Принцесса Аньян надула губы: —Если мои слова могут помешать братьям сочинять стихи, значит, у них нет настоящего таланта. Принцесса Аньян с рождения была болезненной и чуть не умерла в три года. В тот год наместник Янчжоу доложил, что на берег вышел свирепый аллигатор, ранил пятерых человек, и стрелы не могли его пробить. Люди окружили его, но он утащил ягненка крестьянина в воду и исчез.

Император Лян Чжэнь счел это благоприятным предзнаменованием и дал принцессе Аньян прозвище А Туо. Он также приказал всем крестьянам, живущим поблизости, переселиться и не причинять вреда аллигатору. Как ни странно, с тех пор здоровье принцессы Аньян постепенно улучшилось, и за эти годы она ни разу не болела.

Мать принцессы Аньян рано умерла, и она и так пользовалась благосклонностью императора. А после того, как ее связали с этим мифическим существом, она стала самой любимой из всех принцесс династии Великое Янь.

Она выросла в глубоких покоях дворца, воспитанная лично императором Лян Чжэнем. Император брал ее с собой, когда слушал лекции, и императорский наставник, обучавший юных принцев и принцесс, всегда включал ее в число учеников. Поэтому, несмотря на то, что она была окружена безграничной любовью, девушка не проявляла ни малейшей избалованности в словах или поступках.

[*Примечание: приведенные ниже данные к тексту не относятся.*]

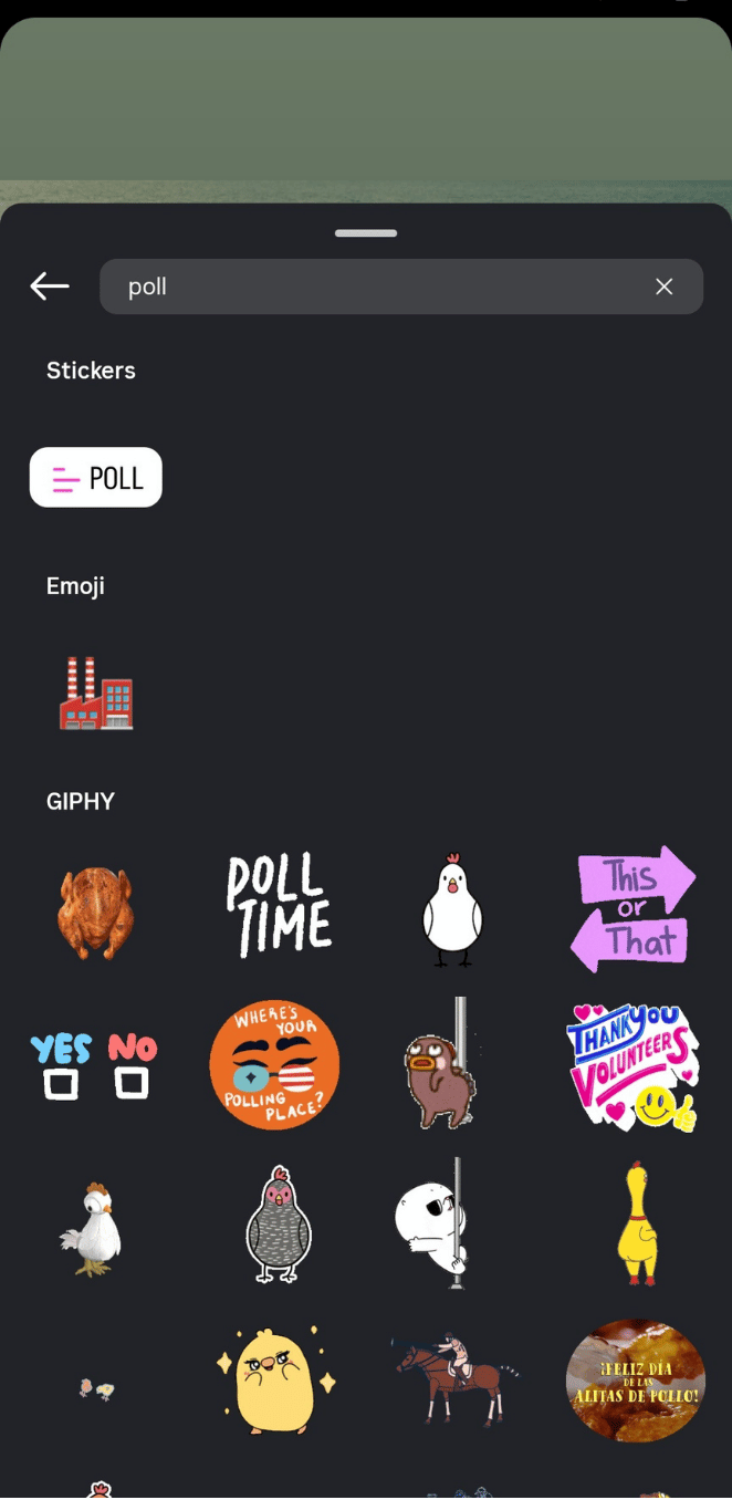 To create a poll, open the Stickers drawer and search for ‘poll.’
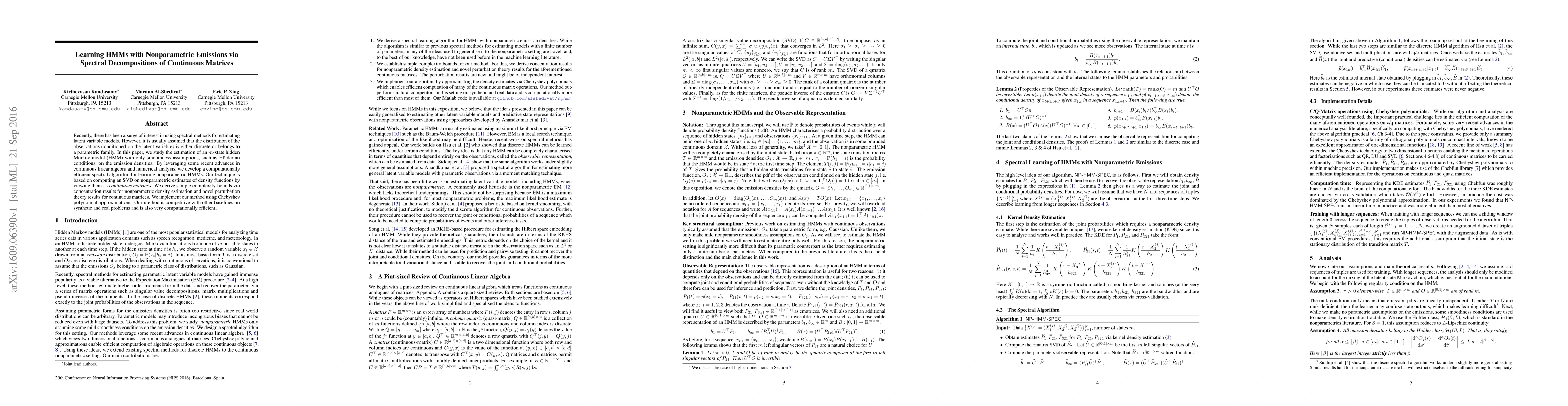 This paper proposes a spectral algorithm for estimating nonparametric hidden Markov models (HMMs) by leveraging continuous matrix decompositions and Chebyshev polynomial approximations. The method is computationally efficient and competitive with other baselines, achieving good performance on both synthetic and real datasets.

Принцессы разговаривали позади, и Лян Цзюнь слышал все отчетливо. Он вздохнул про себя, думая, что его предшественник не зря баловал принцессу Аньян. В такой момент она заступилась за него. Жаль только, что принцесса Фанлин оказалась права: он, наверное, и руки себе отобьет, но ничего не напишет.

«Мелодия Водной Главы» — он с таким трудом вспомнил ее целиком, а тут оказалось, что нельзя использовать иероглиф «луна». А он и так помнил всего несколько стихотворений целиком.

Изначально Лян Цзюнь планировал, что после «Мелодии Водной Главы», если кто-то попытается его поддеть, он выдаст «Думы тихой ночью».

Хитрый Лян Цзюнь все продумал. Он собирался изменить «Думы тихой ночью»: «Перед кроватью яркий лунный свет, словно иней на земле. Поднимаю голову — смотрю на яркую луну, опускаю голову — думаю о маме».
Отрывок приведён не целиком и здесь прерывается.